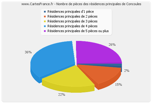 Nombre de pièces des résidences principales de Concoules en 2007 :
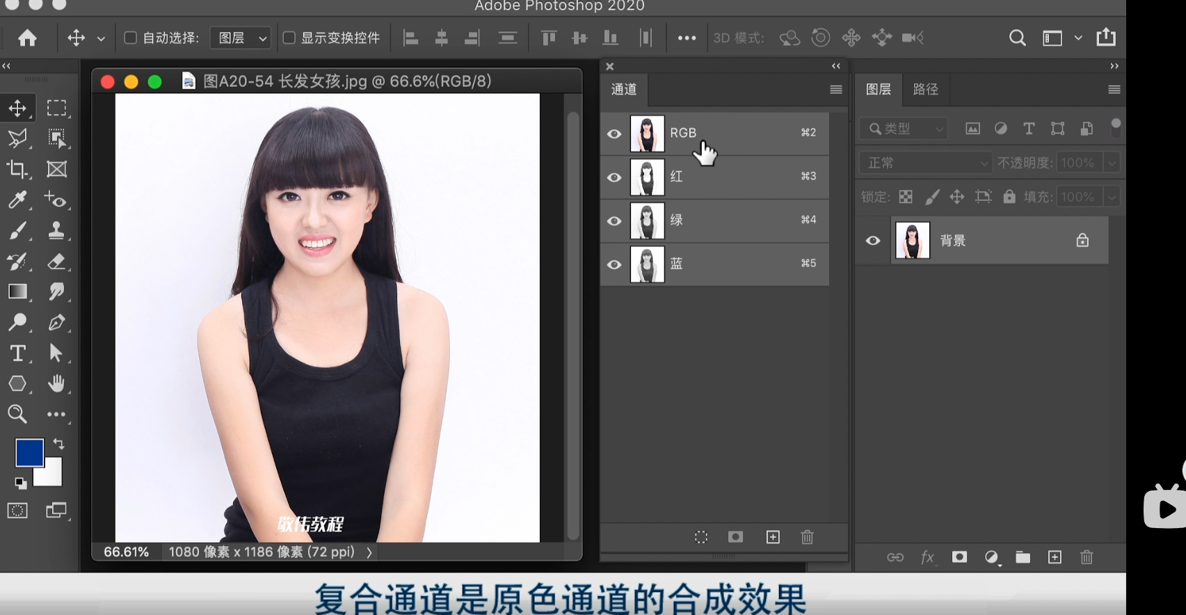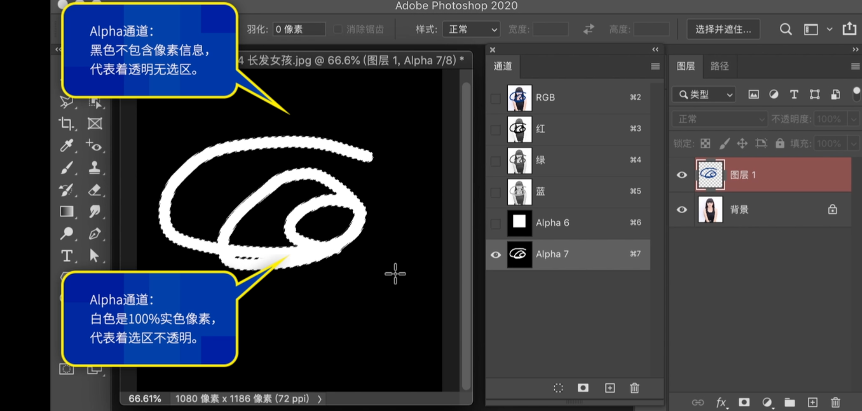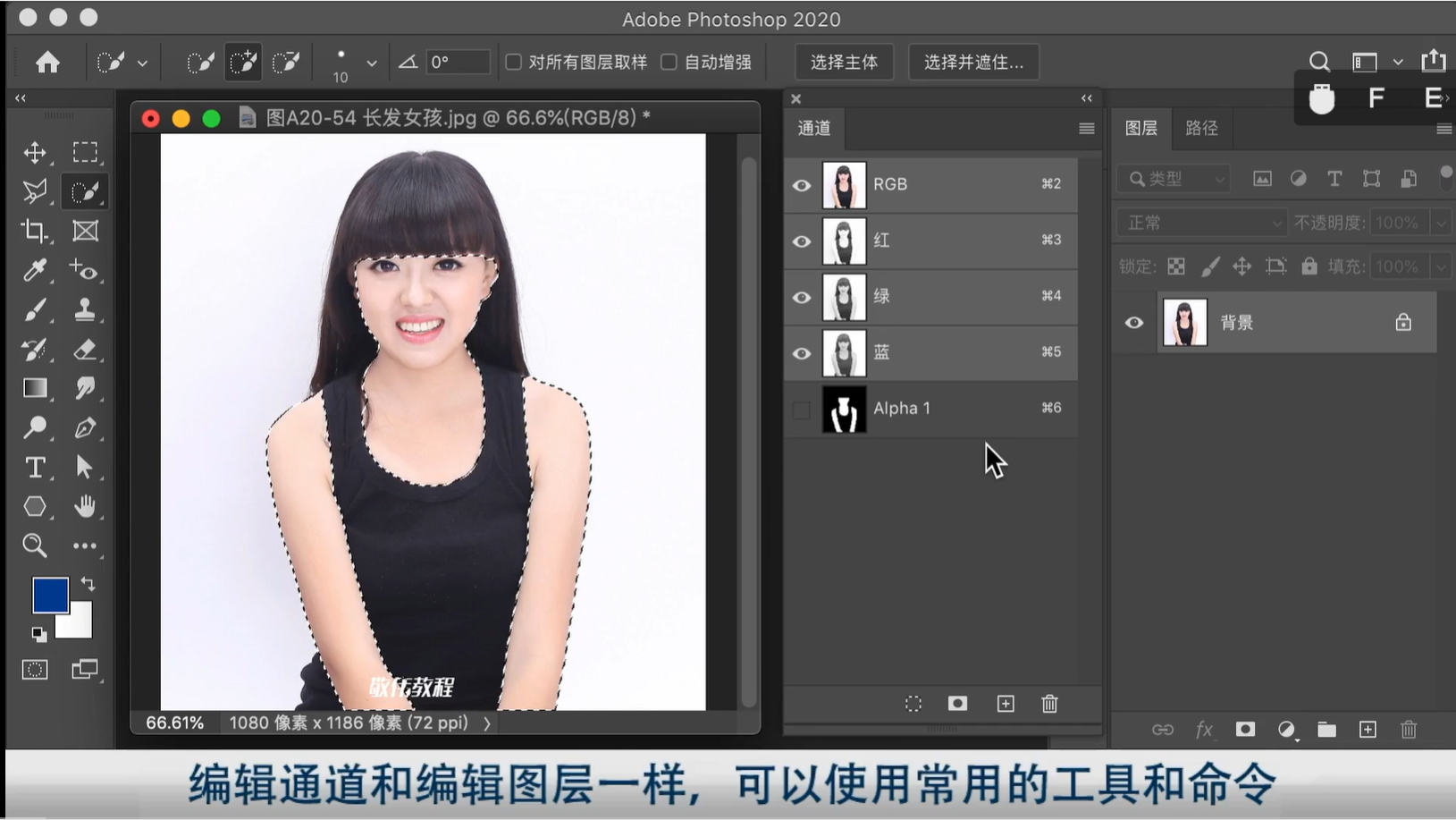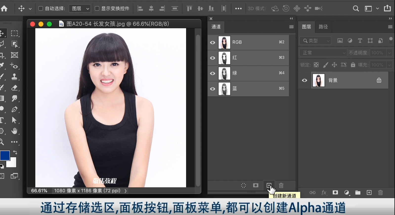 1.点右下角小圆圈 载入选区------2.点一下RGB 通道
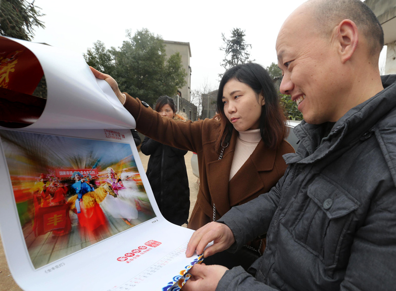 乡亲们观赏挂历摄影作品
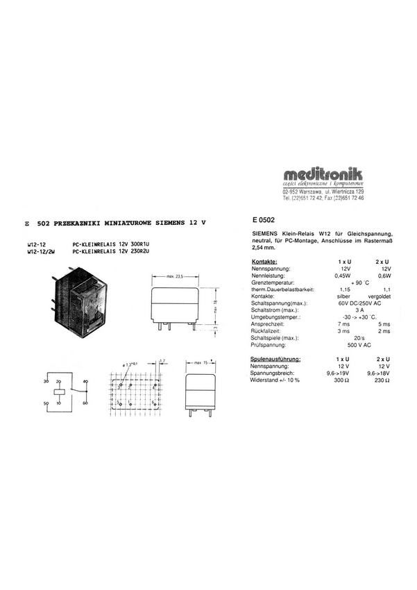 SIEMENS V23100-W1212-A103 / PC-KLEINRELAIS 12V 300 R1U
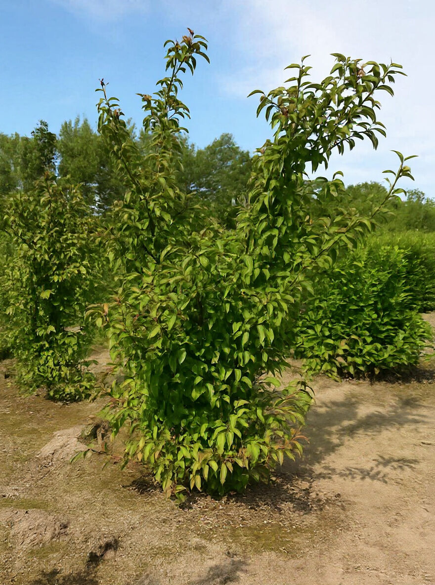 Wuchs: Kleiner Strauch, straff aufrecht und dicht verzweigt, später leicht überhängend, bis zu 250 cm hoch und ähnlich breit.
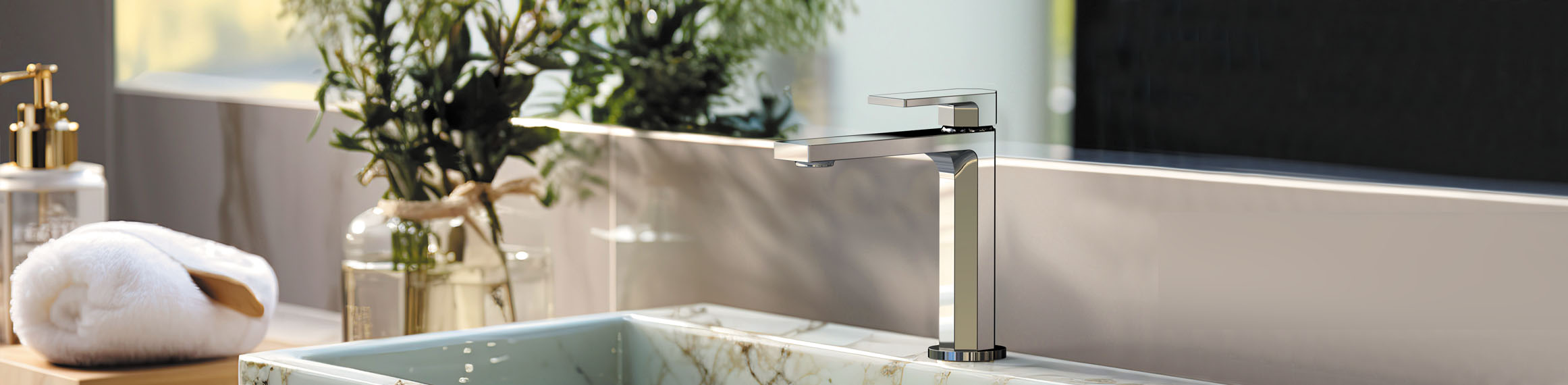 Nella collezione ACADEMY, le otto sfaccettature del corpo si fondono elegantemente con la maniglia a leva, ribassata e senza tagli posteriori, creando un’architettura di design scultoreo. Il tutto e’ impreziosito dai naturali riflessi e prospettive.
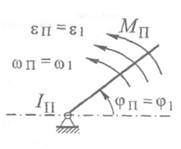 На рис изображено звено приведения(кривошип 1) В качестве такой модели рассматривается условное вращающееся звено – звено приведения, которое имеет момент инерции IП относительно оси вращения (приведённый момент инерции) и находится под действием момента сил МП (приведённого момента сил). В свою очередь.
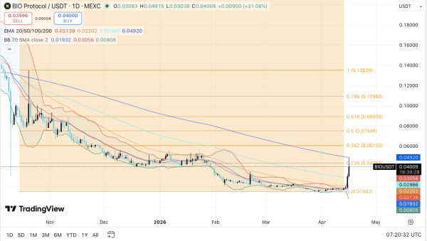 Bio Protocol ( $BIO ) увійшов у фазу високої волатильності після різкого ралі, що підняв ціну до $0.040. Цей крок пішов за тривалим низхідним трендом, коли ціна залишалася нижчою за основні EMA протягом декількох місяців.
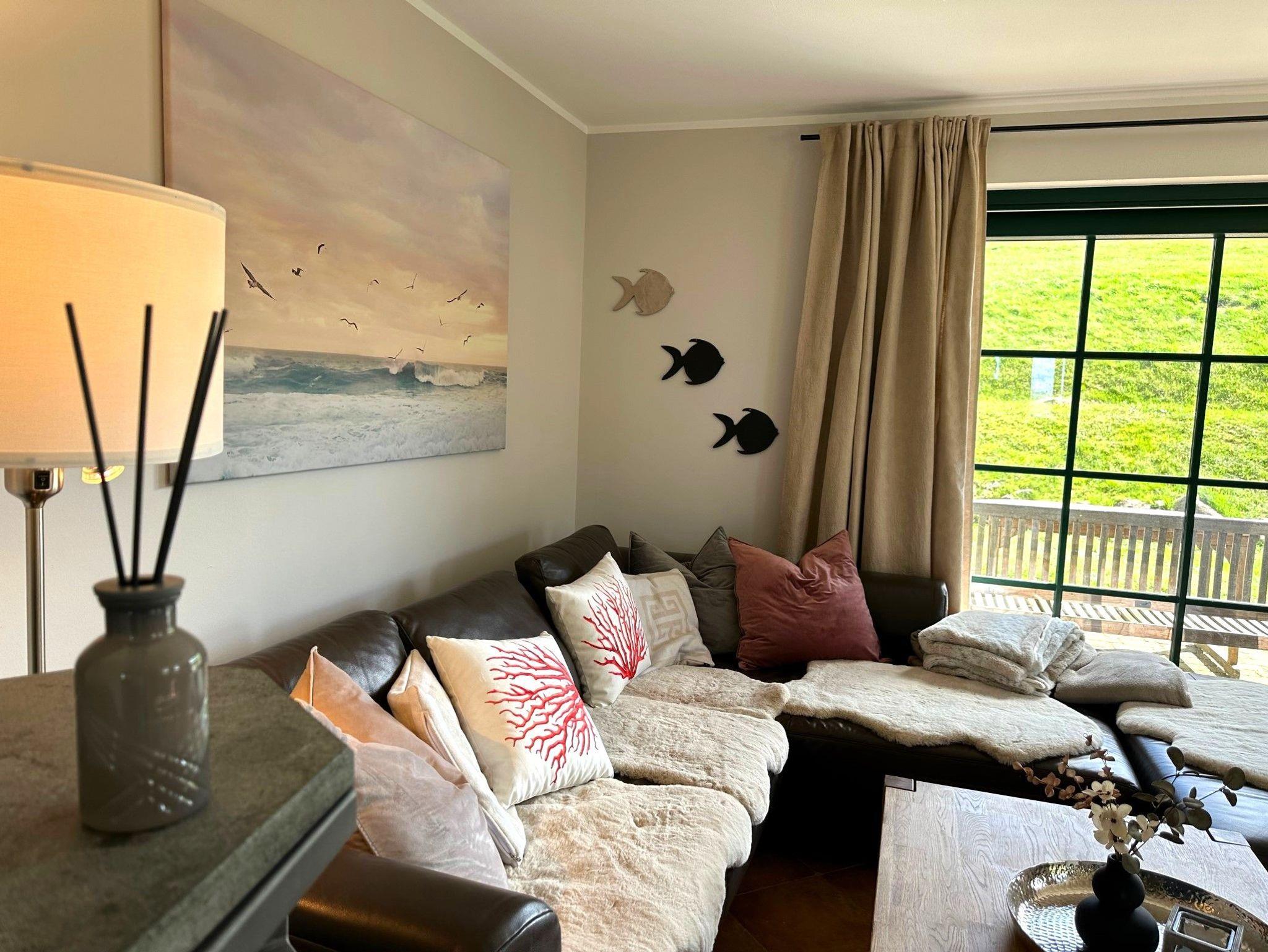 Vom Eingangsbereich aus führt eine Glastür ins Erdgeschoss, wo Sie den gemütlichen Wohn-, Küchen- und Essbereich vorfinden. Von dort aus gelangen Sie in den Garten mit Südterrasse und Blick auf das UNESCO-Naturschutzgebiet Zickersche Berge. Der offene Wohnraum ist mit einem hochwertigen Ledersofa ausgestattet. Der Kaminofen verbreitet eine gemütliche Wärme, besonders nach langen Spaziergängen in der kalten Jahreszeit.
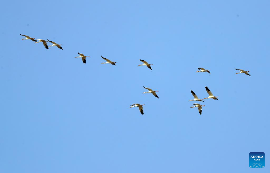 This photo taken on March 15, 2023 shows oriental white storks at Huanzidong wetland in Faku County, northeast China's Liaoning Province. (Xinhua/Yang Qing)
• • •
Action item –
The first line of the listing through the line with "На рис изображено": repeat exactly that span and nothing more, skipping pictures.

Answer space –
 Nombre de pièces des résidences principales de Concoules en 2007 :
 1.点右下角小圆圈 载入选区------2.点一下RGB 通道
 乡亲们观赏挂历摄影作品
 SIEMENS V23100-W1212-A103 / PC-KLEINRELAIS 12V 300 R1U
 Wuchs: Kleiner Strauch, straff aufrecht und dicht verzweigt, später leicht überhängend, bis zu 250 cm hoch und ähnlich breit.
 Nella collezione ACADEMY, le otto sfaccettature del corpo si fondono elegantemente con la maniglia a leva, ribassata e senza tagli posteriori, creando un’architettura di design scultoreo. Il tutto e’ impreziosito dai naturali riflessi e prospettive.
 На рис изображено звено приведения(кривошип 1) В качестве такой модели рассматривается условное вращающееся звено – звено приведения, которое имеет момент инерции IП относительно оси вращения (приведённый момент инерции) и находится под действием момента сил МП (приведённого момента сил). В свою очередь.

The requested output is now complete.